WSJ columnist
Peggy Noonan, not an anti-Trump conservative, tries to put her finger on the ambivalence that many Republicans have about their leader.
First, the positives from a Republican point of view: [bold added]
[President Trump] has established in his government a deregulatory spirit that is fair and helpful....excessive regulation, especially when it springs from ideological animus or practical ignorance, kills progress, growth, jobs, good ideas and products.
Mr. Trump has put a sober conservative on the Supreme Court, and many conservative judges on the lower courts. This provides greater balance in the judiciary. In a split country, split courts—balance—is probably the best we can do.
The economy is improving. And Mr. Trump helped pass a tax bill that was better—maybe a little, maybe a lot, but certainly better—than what it replaced.
Not bad for a first year in office!
The negatives, however, are hard to brush off:
You look at his White House and see what appears to be epic instability, mismanagement and confusion. You see his resentments and unpredictability. You used to think he’s surrounded by solid sophisticates, but they’re leaving. He’s unserious— Vladimir Putin says his missiles can get around any U.S. defense, and Mr. Trump is tweeting about Alec Baldwin. He careens around—he has big congressional meetings that are like talk shows where he’s the host, and he says things that are both soft and tough and you think Hmmm, maybe that’s a way through, but the next day it turns out it was only talk. This has been done on the Dreamers, on guns and we’ll see about tariffs. He loves chaos—he brags about this—but it isn’t strategic chaos in pursuit of ends, it’s purposeless disorder for the fun of it. We are not talking about being colorfully, craftily unpredictable, as political masters like FDR and Reagan sometimes were, but something more unfortunate, an unhinged or not-fully-hinged quality that feels like screwball tragedy.
To summarize, in 13 words, "On some level this is working. And on some level he is crazy."

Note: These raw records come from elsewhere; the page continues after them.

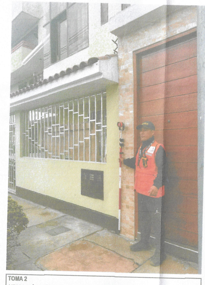
TOMA 2 UBICACION DE PRISMAS EN LIMITES DE VIVIENDA
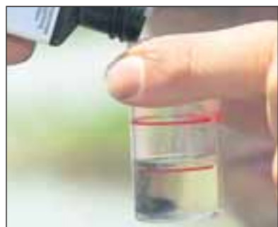
Wasseranalyse vor Ort.

Drei Tümpel und zwei Flüsse stehen heute noch auf dem Plan. Es wird knapp. Um 18 Uhr ist es am Äquator schon fast dunkel. Dann noch durch Buschland und Sümpfe zu waten, da hört selbst Rolands Begeisterung für Schnecken auf.
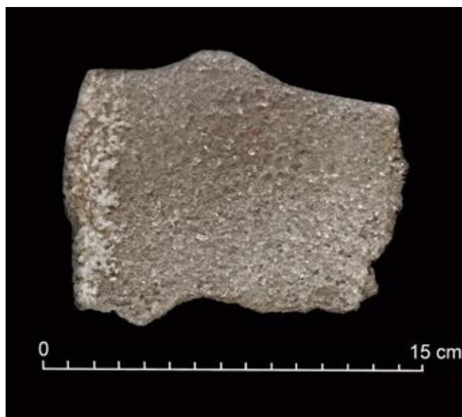
Ryc. 7. Sól spizowa, fragment z figury Augusta II Sasa wykonanej w XVII w. Fot. J. Przybyło

Fig. 7. Spiza salt, a fragment of the figure of King August II made in the 17th century. Photo: J. Przybyło
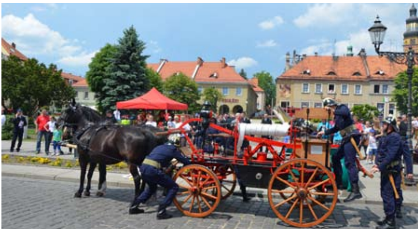
Pokaz gaszenia ognia zabytkową sikawką konną z jednostki OSP Rogów
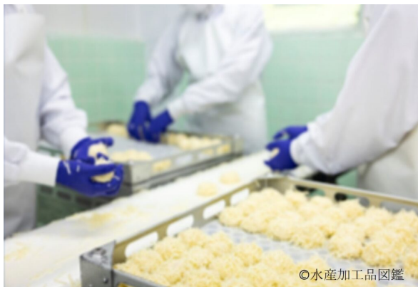
写真1 成形作業

状のしゅうまいの皮を表面全体にまぶす」等、手作業による成形作業にこだわりを持つ業者が多い（写真1，2）。

The nub of her worry [bold added]:
Crazy doesn’t last. Crazy doesn’t go the distance. Crazy is an unstable element that, when let loose in an unstable environment, explodes.

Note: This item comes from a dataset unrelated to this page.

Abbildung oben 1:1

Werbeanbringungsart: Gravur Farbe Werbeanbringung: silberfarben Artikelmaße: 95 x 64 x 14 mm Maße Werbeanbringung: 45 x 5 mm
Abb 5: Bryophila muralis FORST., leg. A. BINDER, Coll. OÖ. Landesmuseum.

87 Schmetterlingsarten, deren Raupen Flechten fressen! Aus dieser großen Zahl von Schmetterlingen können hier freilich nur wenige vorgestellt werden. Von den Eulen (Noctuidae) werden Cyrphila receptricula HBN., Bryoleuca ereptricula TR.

I may be whistling past the graveyard, but I am not as concerned as she is. Here's an alternative narrative, some of which may be true!
A lifetime in the public eye has enabled Mr. Trump to perfect his
public persona, which is the following: he's a bully; he makes impulsive decisions, and he says what's on the top of his mind without thinking of the consequences. He doesn't appreciate the seriousness with which everyone takes the words of the American President. The staff turnover indicates that people who have seen him up close for just a few months can't stand him.

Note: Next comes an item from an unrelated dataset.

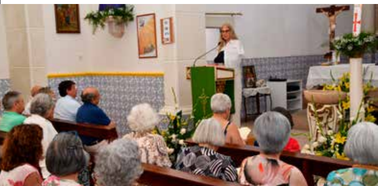
Inauguração da obra
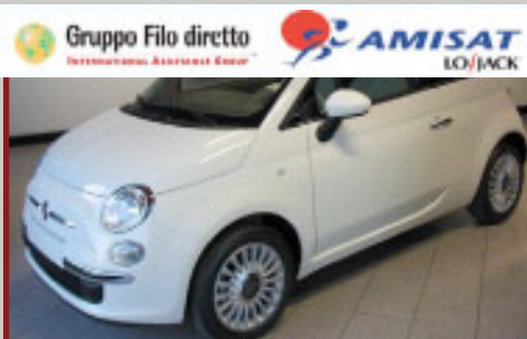
Totale Valore Autoveicoli: € 65,380

A Sarno (Salerno) una pattuglia del Commissariato ritrova una Alfa 147 nascosta in un box grazie al sistema LoJack per rintracciare e recuperare veicoli rubati. L'auto era stata rubata a Fiumicino, sotto l'abitazione del proprietario, dove era stata parcheggiata poche ore prima. Fondamentali sono state la tecnologia wireless ad Alta Frequenza del sistema LoJack, che ha consentito di rilevare il segnale anche all'interno del box, ed il sistema LoJack Early Warning ad avviso immediato per consentire di agire tempestivamente ed impedire eventuali danni sul veicolo. Il proprietario ha così potuto riavere il suo veicolo in poco tempo, soddisfatto di aver affidato la protezione del suo veicolo nelle mani di esperti nella lotta contro il furto.

Yet while the media and political opposition obsess over Russia! Russia! Russia! and the Trump insult of the day (North Korea, immigrants, s******e countries, Mexico, China, Sweden, Nancy Pelosi, Hillary Clinton, Alec Baldwin, the list goes on and on and on), his Administration chugs along, ruthlessly pruning regulations, lowering taxes, and appointing judges. If the public persona were reality, very little would have been done.
The impulsive shoot-from-the-lip President has puzzlingly refrained from talking about two key longer-term projects: the counter-Mueller investigation, led by the recused Attorney General Jeff Sessions, of powerful government agencies that spied on the Trump campaign, and the slow-motion strangulation of North Korea.
Last week there was near-universal condemnation of the upcoming tariffs by allies, Republicans, Wall Street, and economics professors. A few days later, after the meeting with Kim Jong Un was announced, other experts weighed in on how our Dealmaker-in-Chief will be taken to the cleaners by the 34-year-old dictator.
Just a question, chicken littles: could these moves be related? The tariffs are clearly aimed at China, which for decades has viewed the United States as a
pitiful, helpless giant in trade negotiations. The falling markets, reinforced by Mr. Trump's public persona, believe that this time the American President means business about Chinese dumping.
What if Mr. Trump is using tariffs as a bargaining chip in the North Korea negotiations? What if, in exchange for Chinese help in de-nuclearizing Korea, he relaxes or removes them? Without having tariffs in the first place the United States can't apply pressure to China, so the President took the hit now in order to strengthen his hand for the Korean talks.
Of course, what do I know? Peggy Noonan is probably right: he's crazy.